Sometimes, vowels are perceived as more prominent than others, like how in “banana” the second syllable is more prominent than the other two. Stress covers the combined effects of pitch, loudness and length, which gives us this perceived prominence.
As you can tell from the name, in acoustic phonetics we study the actual physical, acoustic properties of speech sounds. It serves to fundamentally abstract linguistics all the way down to physics. Sometimes, phoneticians use spectrograms of speech to look more deeply into their nature. Obviously, this special subset of phonetics gets very mathy very quickly.
At the most basic level, there are four parts to a sound wave.
The wavelength is the distance between a peaks of waves. It’s the horizontal length of one cycle of the wave.
The period is the time it take sto complete one cycle.
The frequency is the number of cycles that pass a set point in a second, usually measured in Hertz (Hz). It’s connected to pitch, with higher frequency meaning higher pitch and lower frequency meaning lower pitch.

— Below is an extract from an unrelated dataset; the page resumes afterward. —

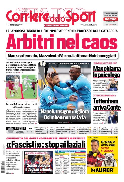 Il Corriere dello Sport, nella sua edizione Campania di oggi, apre in prima pagina con il Napoli, atteso fra due giorni dalla trasferta di Europa League in Polonia: "Insigne migliora. Osimhen non ce la fa. Lorenzo potrebbe rientrare a Varsavia". In taglio alto le polemiche arbitrali in Roma-Milan e le critiche rivolte all’arbitro Maresca: "Arbitri nel caos. I clamorosi errori dell’Olimpico aprono un processo alla categoria. Maresca fermato, Mazzoleni al Var no. La Roma: noi danneggiati. Sospeso il direttore di gara per il rigore inesistente al Milan e il fallo ignorato su Pellegrini”. Sulla destra si parla della Juventus e di Conte che torna in Premier, mentre in basso il Marsiglia che vieta la trasferata ai tifosi laziali.

The amplitude is represented by the height of the waves. Louder sounds have louder amplitudes, and vice versa. It’s usally measured in decibels (dB), and the softest sound we can hear is the zero point. We normally speak at 60 dB.
Speech perception deserves an article of it’s own, as it’s study is deep and storied. It’s the process by which sounds are heard, interpreted and understood and plays closely with phonetics and phonology, as well as cognitive science as a whole. It has applications in computer recognition of speech, like in Siri or even Google Translate.
The sound of speech contains acoustic cues that scientists use to differentiate speech sounds belonging to different phonetic categories. One example would be voice onset time, which can signal the difference between voiced and voiceless stops like “b” and “p.”
This process is at an intersection of many discplines and is wonderful for demonstrating the interdisciplinary nature of linguistics. In order to understand speech perception, one must draw from cognitive science, linguistics, psychology, and occasionally even computer science.